According to Judith Greenburg, director of the Division of Genetics and Developmental Biology at the National Institute of General Medical Science, the NIH now has “very stringent guidelines” requiring consent for any tissues collected for their banks. “It’s very important for donors to understand what the consequences of tissue research might be,” she says. But their guidelines apply only to NIH research, and they’re not legally binding.

Supporters of the status quo argue that passing new, tissue-specific legislation is unnecessary, and that the current oversight practices are enough. They point to institutional review boards; the many professional guidelines, like the American Medical Association’s Code of Ethics (which requires doctors to inform patients if their tissue samples will be used in research or lead to profits); and several post Nuremberg codes, including the Declaration of Helsinki and the Belmont Report, all of which list consent as a requirement. But guidelines and ethical codes aren’t laws, and many tissue-rights supporters say internal review doesn’t work.

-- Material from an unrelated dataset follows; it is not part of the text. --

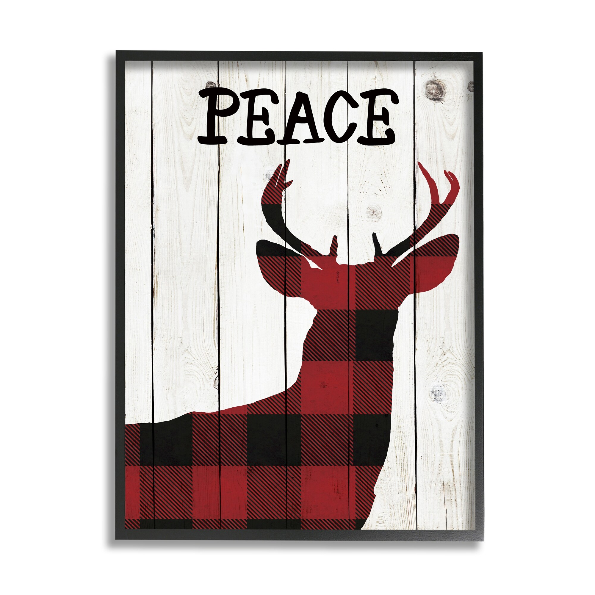 Stupell Industries Checker Plaid Reindeer Rustic Peace Text Framed Wall Art

Beyond simply knowing their tissues are being used in research, some tissue-rights activists believe donors should have the right to say, for example, that they don’t want their tissues used for research on nuclear weapons, abortion, racial differences, intelligence, or anything else that might run contrary to their beliefs. They also believe it’s important for donors to be able to control who has access to their tissues, because they worry that information gathered from tissue samples might be used against them.

In 2005, members of the Native American Havasupai Tribe sued Arizona State University after scientists took tissue samples the tribe donated for diabetes research and used them without consent to study schizophrenia and inbreeding. Their case is still pending. In 2006, some seven hundred new mothers found out that doctors had taken their placentas without consent to test for abnormalities that might help the hospital defend itself against future lawsuits over birth defects. And in a handful of cases, genetic tests performed on people without their consent have been used to deny workers’ compensation or health insurance claims (something now protected against by the Genetic Information Nondiscrimination Act of 2008).

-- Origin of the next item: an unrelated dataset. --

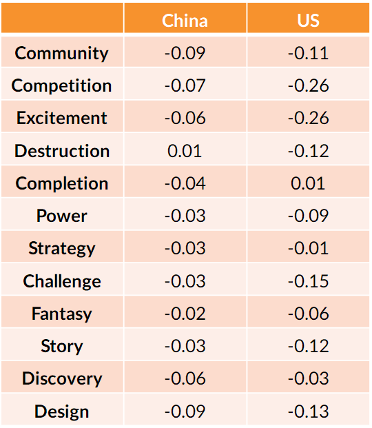 在QF的完整数据中,竞争和兴奋类游戏的吸引力随着年龄的增长而急剧下降。中国数据中没有1个相关性超过0.10。相比之下,美国数据中有7个系数超过0.10,其中2个系数超过0.25。即随着年龄的增长,竞争和兴奋的吸引力在美国玩家中迅速下降,而中国玩家则更为平静。

Because of cases like these, a growing number of activists—ethicists, lawyers, doctors, and patients—are arguing cases and pushing for new regulations that would grant people the right to control their tissues. And a growing number of tissue “donors” are suing for control of their samples and the DNA inside them. In 2005, six thousand patients demanded that Washington University remove their tissue samples from its prostate-cancer bank. The university refused, and the samples were tied up in litigation for years. So far, two courts have ruled against the patients, relying on the same logic used in the Moore case (that giving patients those rights would inhibit research, etc). In 2008 the patients appealed to the Supreme Court, which refused to hear their case. When this book went to press, they were contemplating class action. Most recently, in July 2009, parents in Minnesota and Texas sued to stop the nationwide practice of storing and conducting research—without consent—on fetal blood samples, many of which can be traced back to the infants they came from. They argue that research on those samples is an invasion of their children’s privacy.

Because of the Health Insurance Portability and Accountability Act (HIPAA) of 1996, there is now clear federal law in place to prevent the kind of privacy violation that happened to the Lacks family when doctors at Hopkins released Henrietta’s name and her medical records. Since tissues connected to their donors’ names are subject to strict regulation under the Common Rule, samples are no longer named using donor initials as Henrietta’s cells were; today they’re usually identified by code numbers. But, as Judith Greenburg of the NIH says, “It’s never possible to one-hundred-percent guarantee anonymity, because in theory we can now sequence genes and find out who anyone is from their cells. So the consent process has to be more about laying out the risks of tissue research so people can decide whether they want to participate.”